Should Companies Expense Stock Options?
A reader writes : "The New York Times is running a story about proposed accounting changes to force companies to expense stock options. Is this a necessary and proper oversight measure to enforce financial discipline on companies that might otherwise have none? Or would this measure basically stop companies from offering fiduciary responsibility incentives to their employees? What do you think about this? What should the final decision be? And what measures should be taken to influence the decision-making process?"
How is the offer of options a "fiduciary responsibility incentive"? With an option, you have no downside, so you have an incentive to gamble all the firm's money on producing a temporary rise in the stock price.
Perhaps this was a typo for "fiduciary irresponsibility incentives"?
Options dilute the value of the company stock, and since shareholders are the owners of a company it only makes sense to list them as expenses.

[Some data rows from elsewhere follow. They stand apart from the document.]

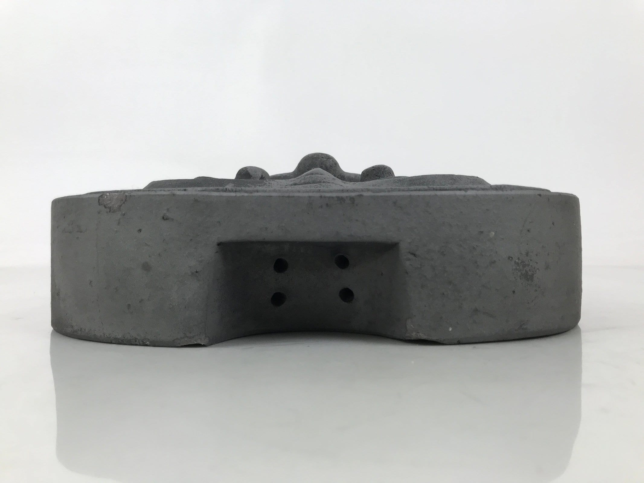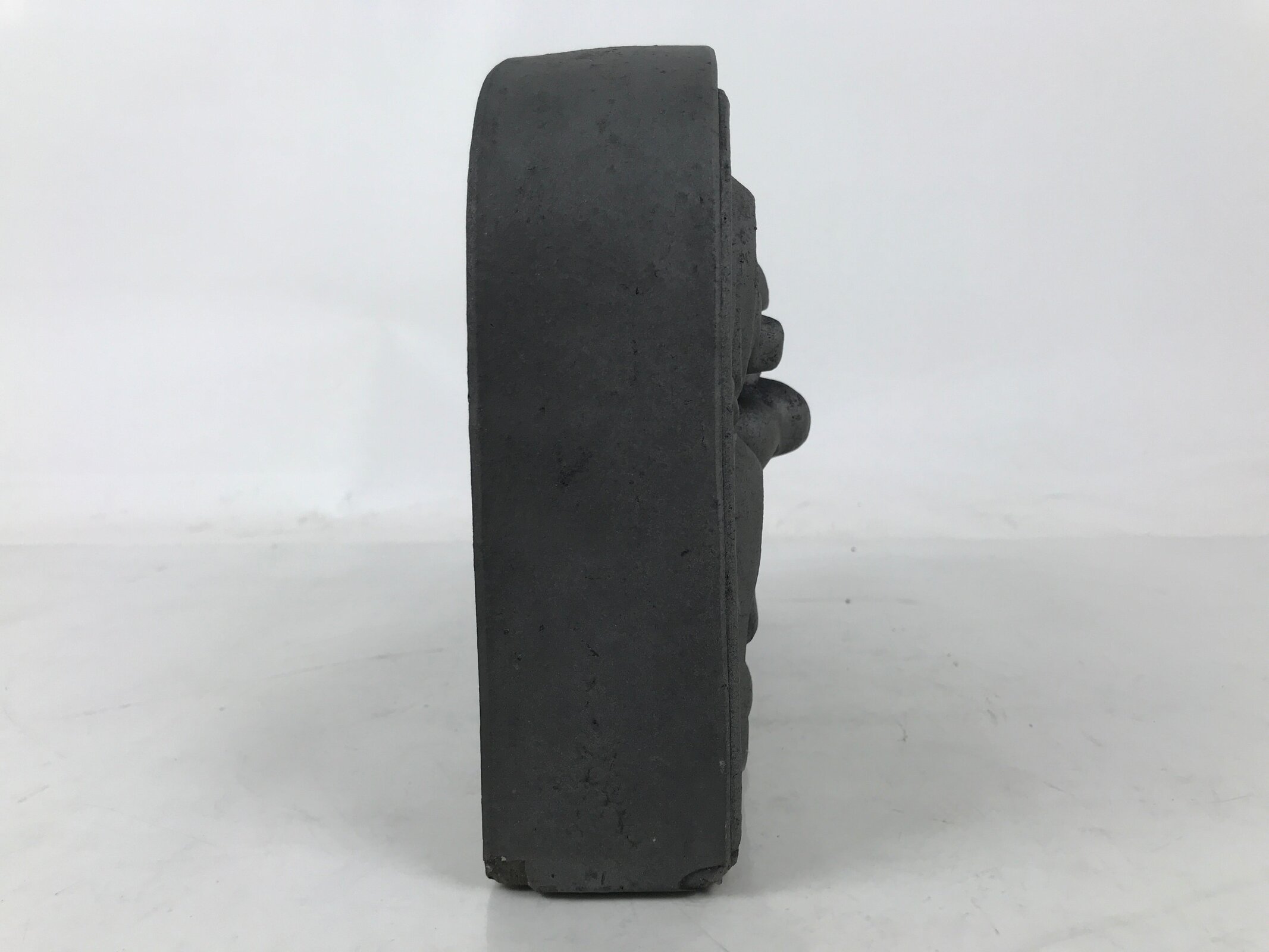 This is a Japanese sculpted clay oni demon roof tile (kawara) decoration often found on temples and sometimes private residences. Also called onigawara, this ridge-end tile acts as an amulet to frighten off evil spirits and ward off misfortune and disaster. It can be installed on a building but is also perfect for general eye-catching decor.
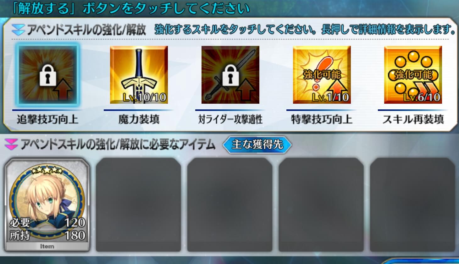 アペンドスキルの解放に必要
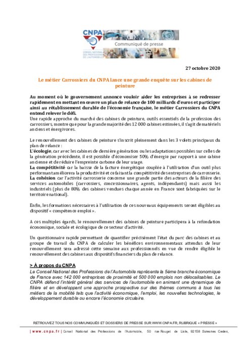 Au moment où le gouvernement annonce vouloir aider les entreprises à se redresser rapidement en mettant en œuvre un plan de relance de 100 milliards d’euros et participer ainsi au rétablissement durable de l’économie française, le métier Carrossiers du CNPA entend relever le défi. Une rapide approche du marché des cabines de peinture, outils essentiels de la profession des carrossiers, montre que pour la grande majorité des 12 000 cabines estimées, il s’agit de matériels anciens et énergivores.
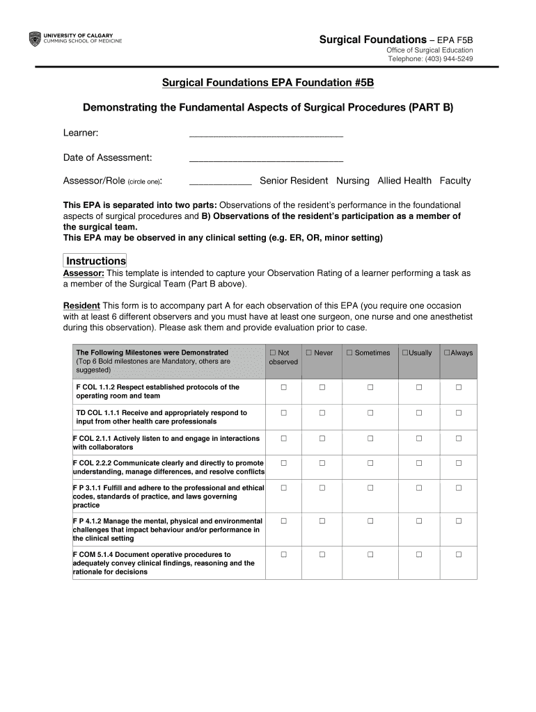 Surgical Foundations EPA F5B Office of Surgical Education Telephone: (403) 9445249Surgical Foundations EPA Foundation #5B Demonstrating the Fundamental Aspects of Surgical Procedures (PART B) Learner:
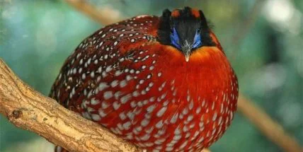 Глазчатый трагопан – представитель фазанов, имеющий привлекательное оперение.
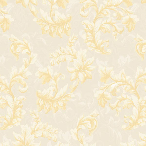 Ấn tượng đầu tiên mà mẫu giấy dán tường này mang lại chính là sự hài hòa và dịu mắt trong phối màu. Tông màu chủ đạo là trắng ngà hoặc kem sáng, tạo nên một lớp nền mềm mại, tràn ngập ánh sáng và có khả năng “ăn gian” diện tích, giúp căn phòng có cảm giác rộng rãi, thoáng đãng hơn. Trên nền màu trung tính đầy nhã nhặn ấy, các họa tiết hoa lá cổ điển hiện lên với sắc vàng nhạt, đôi khi phảng phất ánh vàng kem ấm áp hoặc chút vàng đồng vương giả. Sự kết hợp màu sắc này tạo nên một độ tương phản vừa phải, đủ để họa tiết nổi bật nhưng không hề gây cảm giác chói mắt hay nặng nề. Thay vào đó, nó toát lên vẻ đẹp trang nhã, tinh tế và một chút hoài niệm lãng mạn.
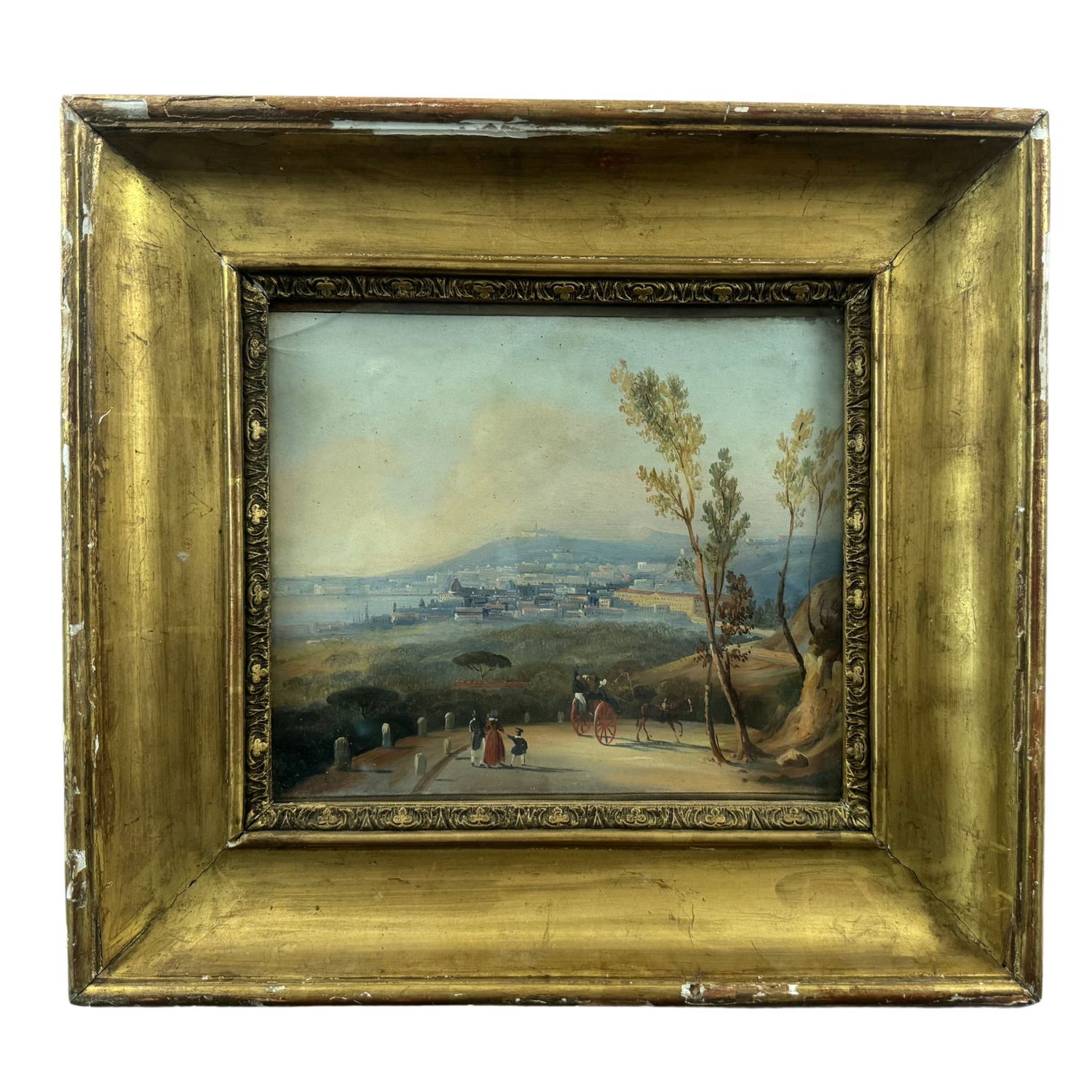 Dipinto olio su cartoncino, periodo inizio XIX secolo, scuola Italiana raffigurante Veduta di San Martino da Capodimonte.
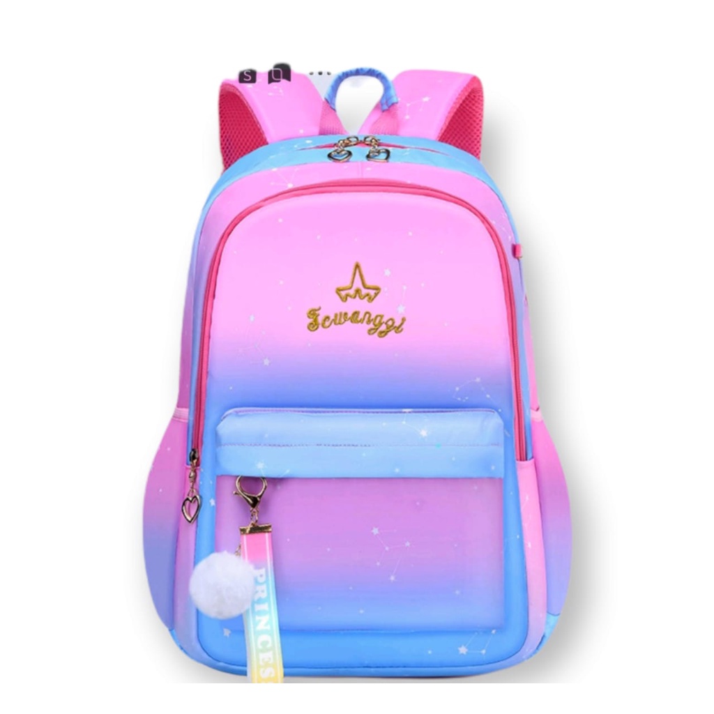 Model: Tas Ransel Sekolah Gender: Perempuan SD - SMP Design: Colorful edition Fitur: 3 kantong ruang, waterproof (tahan air) Bahan: Poliester Ukuran: P x L x T = 32 x 18 x 43 cm 4 Warna: Full pink, blue - pink, purple - pink, full blue
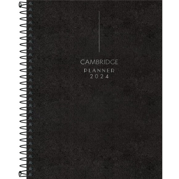 O Planner Espiral 17,7 x 24 cm Cambridge 2024 pode ser usado para organizar os compromissos do dia a dia em casa e no trabalho. O produto tem capa dura em material especial, espiral, bolsa plástica para guardar documentos e miolo, com visões anual, mensal e semanal, com 80 folhas, e gramatura 90 g/m².

The most incisive analysis of expensing stock options I ever heard was from Warren Buffett, who can surely claim to know what he's talking about in financial matters: "If options aren't a form of compensation, what are they? If compensation isn't an expense, what is it? And if expenses shouldn't go into the calculation of earnings, where in the world should they go?"
Chris Mattern
Excerpting from this recent article about the issue:
[The FASB board is the federal advisory board that's hashing out what should be done about expensing stock options.]
The REAL issue with whether options should be expensed or not is whether the diluted EPS captures the full effects of dilution through options issuance, or if there are hidden costs. There's a non-zero "option value" to the options (the choice not to exercise if the stock price drops), that is distinct from the "intrinsic value" (roughly equal to the strike price minus the current price). The argument is that this is presently not captured in the accounting regulations.
For more info on share dilution, check about.com's primer. There's also a section in there on common tricks companies use to hide dilution effects.